◆ Task to complete ◆
Please write out only the lines from the line with "O Projeto é" to the line with "Церемония принятия присяги", inclusive, exactly as they stand below, without the pictures.

◆ Data for this task ◆
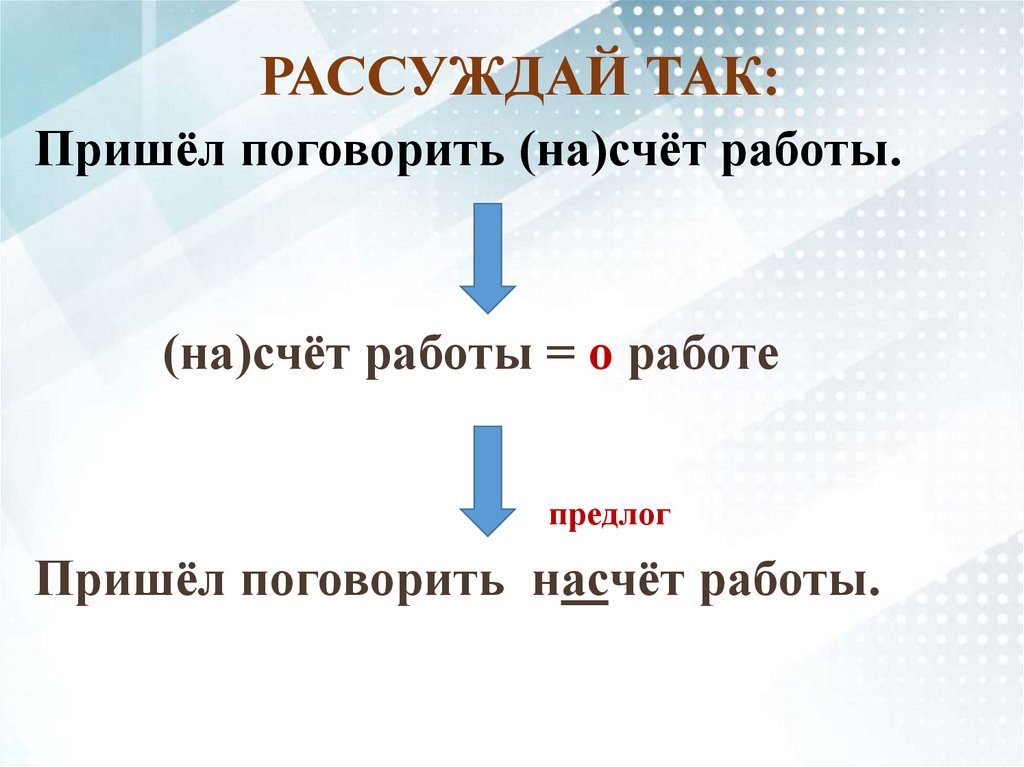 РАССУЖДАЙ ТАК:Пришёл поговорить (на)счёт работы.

...

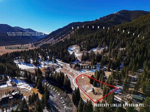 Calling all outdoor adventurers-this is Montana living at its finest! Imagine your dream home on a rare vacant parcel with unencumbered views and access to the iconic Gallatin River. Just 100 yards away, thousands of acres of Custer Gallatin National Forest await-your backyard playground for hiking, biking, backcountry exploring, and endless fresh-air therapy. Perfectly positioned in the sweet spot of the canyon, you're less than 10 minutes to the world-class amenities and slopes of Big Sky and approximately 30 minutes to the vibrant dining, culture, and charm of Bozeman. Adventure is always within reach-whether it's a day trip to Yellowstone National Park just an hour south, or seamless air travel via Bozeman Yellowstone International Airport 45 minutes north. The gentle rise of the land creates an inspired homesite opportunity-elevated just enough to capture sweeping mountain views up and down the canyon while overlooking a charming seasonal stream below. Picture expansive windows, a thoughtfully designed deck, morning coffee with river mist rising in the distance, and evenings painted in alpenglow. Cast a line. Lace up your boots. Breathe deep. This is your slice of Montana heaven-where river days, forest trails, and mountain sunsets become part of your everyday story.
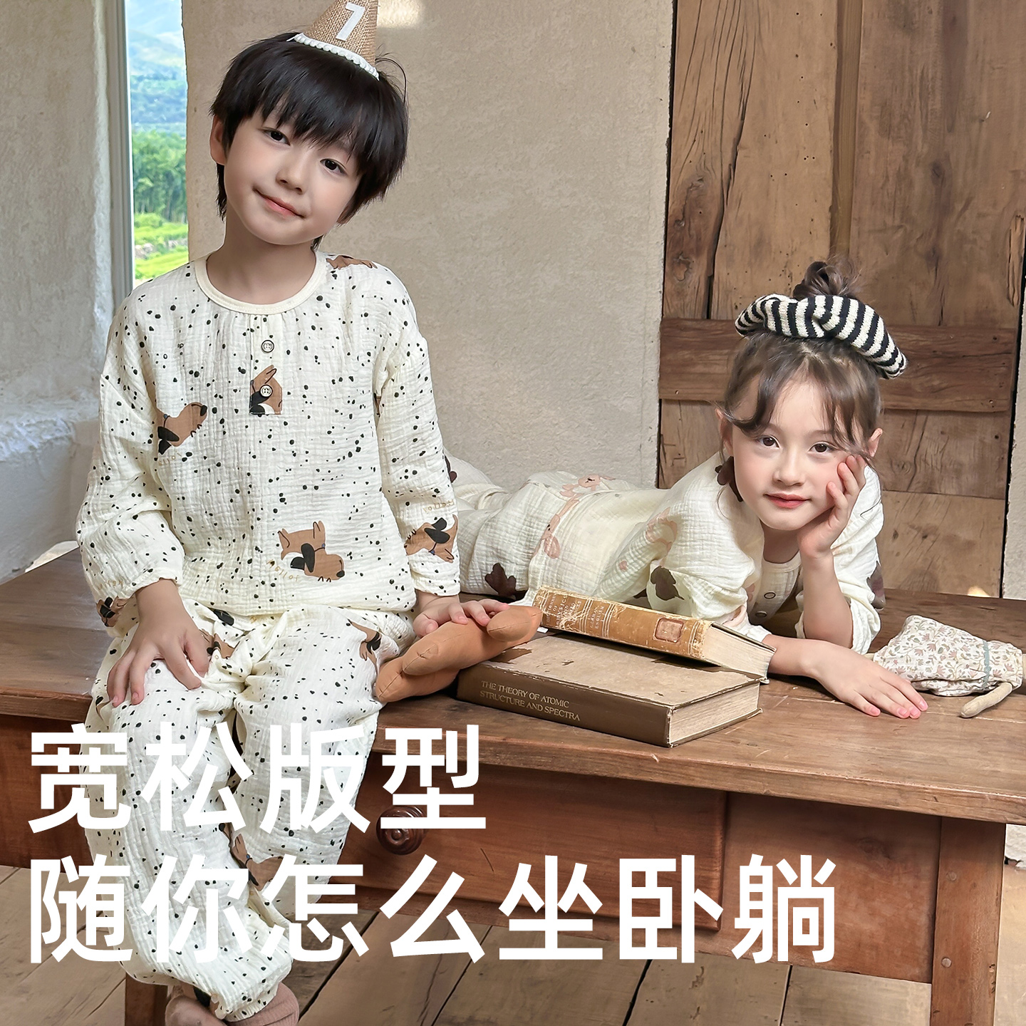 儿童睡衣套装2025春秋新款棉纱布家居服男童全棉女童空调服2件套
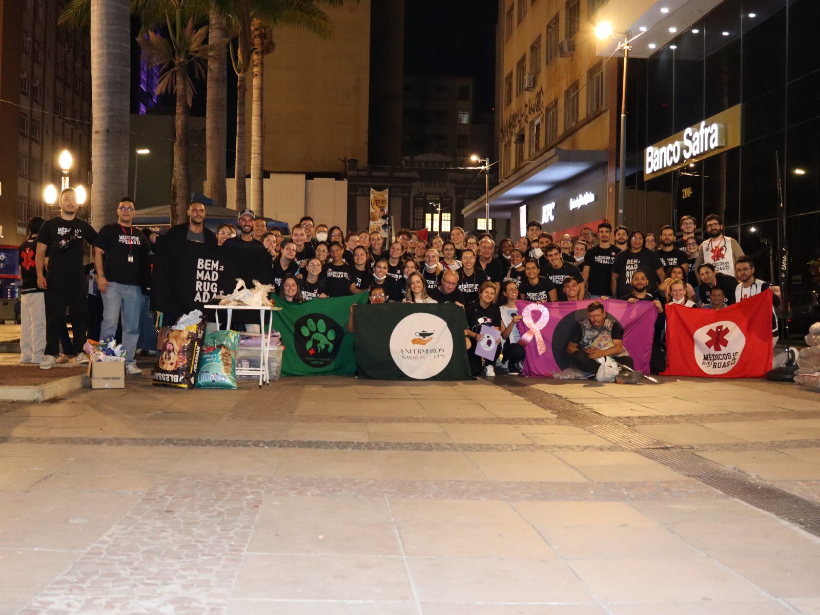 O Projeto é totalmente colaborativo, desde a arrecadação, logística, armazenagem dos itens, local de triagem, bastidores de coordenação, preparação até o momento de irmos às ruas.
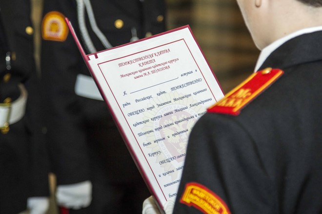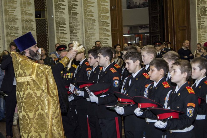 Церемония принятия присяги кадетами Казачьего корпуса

---

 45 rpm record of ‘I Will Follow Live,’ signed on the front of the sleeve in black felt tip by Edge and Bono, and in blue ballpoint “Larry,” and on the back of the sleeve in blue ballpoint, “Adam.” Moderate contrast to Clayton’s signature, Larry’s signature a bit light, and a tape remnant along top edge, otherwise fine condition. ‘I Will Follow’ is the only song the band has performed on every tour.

◆ Result ◆
 O Projeto é totalmente colaborativo, desde a arrecadação, logística, armazenagem dos itens, local de triagem, bastidores de coordenação, preparação até o momento de irmos às ruas.
 Церемония принятия присяги кадетами Казачьего корпуса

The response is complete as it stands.